It’s pumpkin season! With the cold season approaching us, all I want to do nowadays is stay home and curl up in a cozy blanket in front of the TV. Better yet, a nice warm pumpkin drink to go with it. I haven’t had boiled pumpkin in ages! It’s funny how being away from home makes you miss Hmong food so much, especially dishes you’ve had growing up that reminds you so much of the people you love. To me, boiled pumpkin makes me think of my grandma, Bee.

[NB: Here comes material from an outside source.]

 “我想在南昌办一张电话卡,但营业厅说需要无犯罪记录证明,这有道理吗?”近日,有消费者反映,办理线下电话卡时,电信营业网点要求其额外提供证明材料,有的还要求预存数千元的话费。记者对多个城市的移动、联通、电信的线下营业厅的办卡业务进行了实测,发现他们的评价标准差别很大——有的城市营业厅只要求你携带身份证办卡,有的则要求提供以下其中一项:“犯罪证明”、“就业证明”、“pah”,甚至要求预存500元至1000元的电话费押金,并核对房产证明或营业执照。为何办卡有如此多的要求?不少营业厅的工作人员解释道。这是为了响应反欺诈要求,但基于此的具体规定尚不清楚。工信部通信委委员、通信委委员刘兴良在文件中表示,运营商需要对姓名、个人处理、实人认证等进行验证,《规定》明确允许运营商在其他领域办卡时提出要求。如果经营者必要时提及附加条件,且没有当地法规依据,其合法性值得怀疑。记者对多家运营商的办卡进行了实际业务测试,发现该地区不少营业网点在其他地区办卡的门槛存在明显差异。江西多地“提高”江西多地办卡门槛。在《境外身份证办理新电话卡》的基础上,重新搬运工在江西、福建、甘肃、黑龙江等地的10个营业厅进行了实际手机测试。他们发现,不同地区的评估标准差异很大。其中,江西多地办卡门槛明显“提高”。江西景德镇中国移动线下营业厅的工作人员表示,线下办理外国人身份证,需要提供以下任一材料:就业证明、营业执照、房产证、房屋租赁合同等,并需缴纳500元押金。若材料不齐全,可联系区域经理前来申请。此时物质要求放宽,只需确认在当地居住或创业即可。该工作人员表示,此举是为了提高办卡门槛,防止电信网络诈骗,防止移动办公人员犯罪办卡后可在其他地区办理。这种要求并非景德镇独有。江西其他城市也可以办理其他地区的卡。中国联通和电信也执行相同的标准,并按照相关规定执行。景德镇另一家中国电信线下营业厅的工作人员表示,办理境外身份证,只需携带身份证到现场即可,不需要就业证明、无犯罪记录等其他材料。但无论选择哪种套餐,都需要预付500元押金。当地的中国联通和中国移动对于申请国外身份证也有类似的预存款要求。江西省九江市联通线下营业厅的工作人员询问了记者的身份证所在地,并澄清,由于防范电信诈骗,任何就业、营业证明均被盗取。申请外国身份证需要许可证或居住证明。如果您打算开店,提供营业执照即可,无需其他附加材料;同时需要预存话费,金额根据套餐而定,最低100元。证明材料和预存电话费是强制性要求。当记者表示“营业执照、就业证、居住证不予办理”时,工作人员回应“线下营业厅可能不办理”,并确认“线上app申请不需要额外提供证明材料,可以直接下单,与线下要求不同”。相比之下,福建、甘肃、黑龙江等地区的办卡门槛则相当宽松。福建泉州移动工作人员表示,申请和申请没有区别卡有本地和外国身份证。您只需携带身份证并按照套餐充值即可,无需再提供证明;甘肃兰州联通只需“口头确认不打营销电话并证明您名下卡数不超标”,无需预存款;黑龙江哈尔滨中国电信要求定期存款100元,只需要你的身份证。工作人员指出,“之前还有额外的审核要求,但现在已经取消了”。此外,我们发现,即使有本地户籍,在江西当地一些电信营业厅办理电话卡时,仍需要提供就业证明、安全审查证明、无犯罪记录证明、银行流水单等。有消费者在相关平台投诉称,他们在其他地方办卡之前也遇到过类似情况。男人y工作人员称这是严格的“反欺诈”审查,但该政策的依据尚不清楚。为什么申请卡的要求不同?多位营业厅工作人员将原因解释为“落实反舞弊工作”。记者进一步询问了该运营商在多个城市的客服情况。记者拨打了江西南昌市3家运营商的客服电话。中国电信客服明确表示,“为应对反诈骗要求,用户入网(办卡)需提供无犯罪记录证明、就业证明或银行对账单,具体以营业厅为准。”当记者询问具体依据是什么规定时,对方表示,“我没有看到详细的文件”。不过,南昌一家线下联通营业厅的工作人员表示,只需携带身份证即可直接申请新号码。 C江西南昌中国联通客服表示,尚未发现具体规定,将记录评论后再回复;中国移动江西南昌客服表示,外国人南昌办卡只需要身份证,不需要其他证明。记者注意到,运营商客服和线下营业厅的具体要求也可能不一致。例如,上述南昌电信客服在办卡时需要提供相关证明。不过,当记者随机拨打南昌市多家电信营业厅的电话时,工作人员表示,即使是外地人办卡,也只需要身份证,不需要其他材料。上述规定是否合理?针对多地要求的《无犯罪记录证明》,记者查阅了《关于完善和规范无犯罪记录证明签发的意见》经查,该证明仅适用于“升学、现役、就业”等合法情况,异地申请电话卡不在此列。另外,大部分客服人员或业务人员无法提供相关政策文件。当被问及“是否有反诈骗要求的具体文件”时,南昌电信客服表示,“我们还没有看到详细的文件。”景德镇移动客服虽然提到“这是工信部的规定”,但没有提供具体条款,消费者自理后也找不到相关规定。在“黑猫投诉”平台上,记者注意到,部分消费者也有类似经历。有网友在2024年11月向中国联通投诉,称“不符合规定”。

My grandma often made this when she was still around. She’d eat this served in a bowl along with other Hmong dishes. As a young child, I remember the way she would confidently cut off the pumpkin skin or rind with her large knife. The rind would fly straight across the room each time she cut off another piece of the thick, protective outer layer. It always looked scary watching her do this because I would get so afraid of her cutting off one of her fingers on accident! She was a pro of course, so that never happened, thankfully!

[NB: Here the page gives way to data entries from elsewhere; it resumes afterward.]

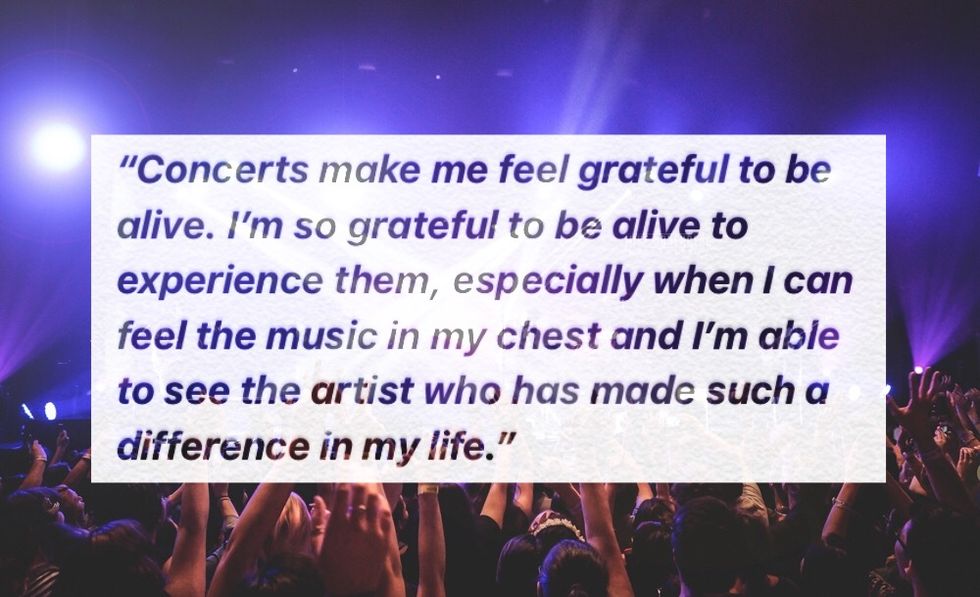 I asked my friends and Twitter followers to describe how concerts make them feel, and I have included their quotes below.
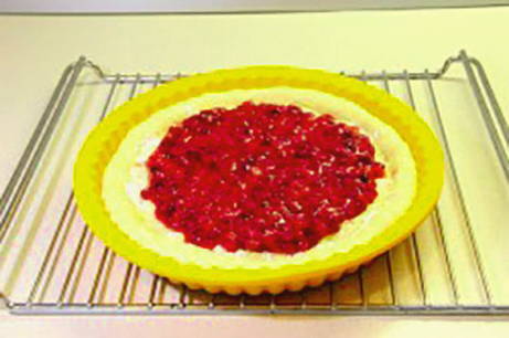 - Verdeel de bessen gelijkmatig over het deeg. Zet de schaal 20-25 minuten in een voorverwarmde oven op 180 graden.
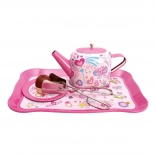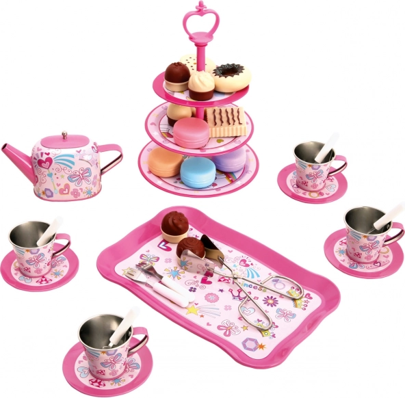 Kompletny serwis z dzbankiem, filiżankami, spodkami, tacą i piętrowym stojakiem na ciasteczka – wszystko do realistycznego przyjęcia herbacianego.

Memories of her prompted me to make kua taub tsuag. There’s something about making a dish you grew up with that makes you feel so much closer to home, especially to those who’ve passed on. Finding the right pumpkin to make kua taub tsuag was challenging for me because I’ve never had to do that before. I had to phone my parents and get their expert advice on this one. They told me that the ugly and old pumpkins taste the best, so I did my best to look for that. How do you (yes, you the reader!) pick the best pumpkin for kua taub tsuag?
Boiled pumpkin is a signature side dish for Hmong people that can taste sweet or bland, depending on how you like it. Sam calls it “old people food”, but I think he’s missing out! It’s most popular among older folks indeed but Hmong people of all ages eat and/or drink this. Growing up, I’ve only really liked the pumpkin broth and have never actually enjoyed eating the pumpkin itself. I can now proudly say that I eat and appreciate the taste of boiled pumpkin so much! I seriously can’t believe it took me so long to fall in love with it. Does anyone else feel the same way?
I really like adding kua taub tsuag to my plate of rice. It also never goes wrong with any Hmong dish. What do you enjoy the most about boiled pumpkin? What memories does it take you back to? Thanks for following along and I’ll see you guys in my next post! 🙂
- half of a medium-sized pumpkin
- 6-7 cups of water
- sugar, optional
- Pour water into a cooking pot and let it come to a boil over high heat.
- While waiting for the water to come to a boil, scoop out the insides.
- Use your knife to cut off the skin or rind of the pumpkin.
- Cut the pumpkin into medium-sized cubes then rinse with water.
- Once your water is boiling, put in the cubed pumpkin and cook for 15 minutes or until pumpkin is soft.
- Optional: Add sugar to your desired taste.